青禾乐连着熬了几夜赶工,腰后传来阵阵酸麻,她抬手揉了揉,小心翼翼地将刚绣好的《江山万里图》放进闸盒,又快手快脚地收拾好包袱,今夜必须脱身。

她悄悄推开房门,锐利的目光扫过寂静的庭院,确认周遭无人后,利落地爬窗、翻墙、跃上屋顶,一连串动作行云流水,身上似发洪水了,按照那本《鬓边雪》里的记述,她寻到了原主的旧宅,打算暂且落脚,等天亮就走。

“砰”一声轻响打破沉寂,青禾乐瞬间屏住呼吸,低头便见脚边多了个木盒。

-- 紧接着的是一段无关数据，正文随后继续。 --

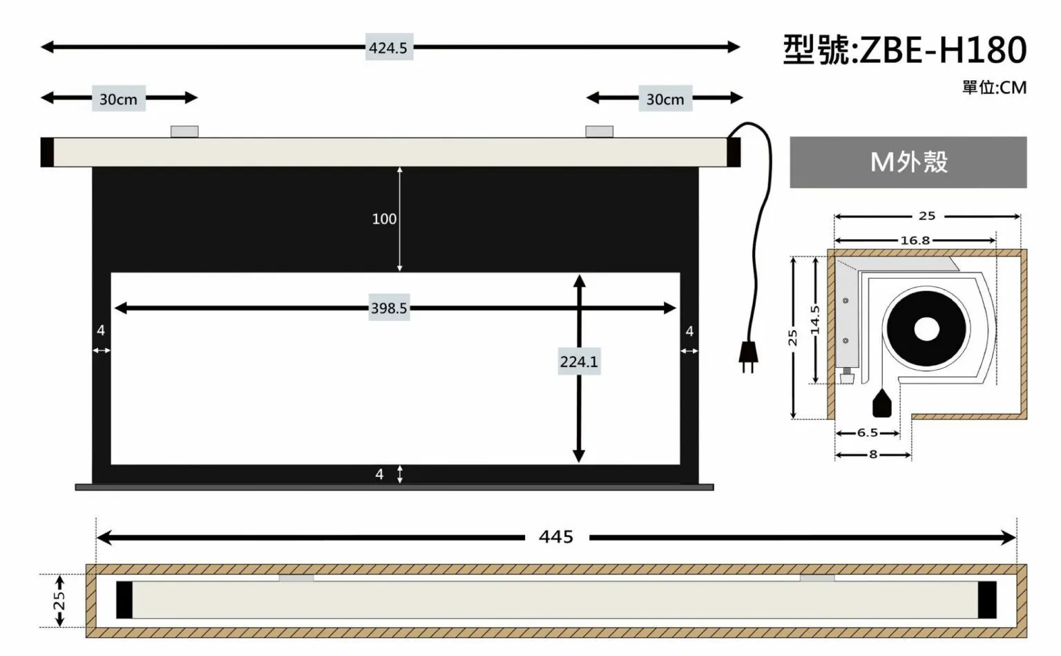 商品ZERO ZBE-H90 豪華型電動布幕 16:9 90吋 1.0高增益 台製品牌 鋁合金靜音馬達電動幕

她蹲下身缓缓掀开盒盖,里面竟是些模糊的碎纸片,拼凑出的“紫宁宫”“白虎党”“桥边”“怀敏寺”几个词,让她眉头紧蹙。

“难不成原主是乱党?”难怪结局那般凄惨。青禾乐倒吸一口凉气,耳边夜莺的啼鸣陡然变得刺耳。她猛地起身看向窗外,只见两个黑衣人鬼鬼祟祟地往门口塞了封信,随即迅速隐入夜色。

心头警铃大作,青禾乐攥紧了拳,看来这趟浑水,明天一早非得探个究竟不可了。

夜风吹过窗棂,带着几分凉意钻进衣领,青禾乐打了个寒噤,攥着木盒的手更紧了。她蹑手蹑脚挪到门边,透过门缝盯着那封静静躺在石阶上的信,指尖无意识地抠着掌心,黑衣人刚走,此刻出去太冒险,可那封信里藏着什么,她又实在按捺不住好奇。

屋内烛火摇曳,将她的影子投在墙上,忽明忽暗得像她此刻的心跳。碎纸片上的字迹在烛光下愈发清晰,“白虎党”三个字尤其扎眼,她恍惚想起《鬓边雪》里提过,这党派十年前因谋逆案被满门抄斩,原主一家正是那时败落的。难不成这些碎片,是当年的旧物?

不知过了多久,院外再无动静,只有夜莺还在枝头低啼。青禾乐咬咬牙,猛地拉开门闩,像狸猫般蹿出去抓起信,又瞬间缩回屋里,反手闩上门背抵着门板喘气。信纸粗糙,上面只有一行墨迹:“子时,怀敏寺桥边等。”

“怀敏寺?”她瞳孔一缩,这地名分明在碎纸片上见过。抬头看了眼漏刻,距子时只剩一个时辰。

她将碎纸片重新塞进木盒锁好,又把《江山万里图》的闸盒往包袱深处塞了塞,这绣品耗费她三个月心血,本是用来换盘缠远走高飞的,如今却被卷入这不明不白的事端里。可事到如今,退缩怕是来不及了,那些人既能找到这里,自然也能查到她的踪迹。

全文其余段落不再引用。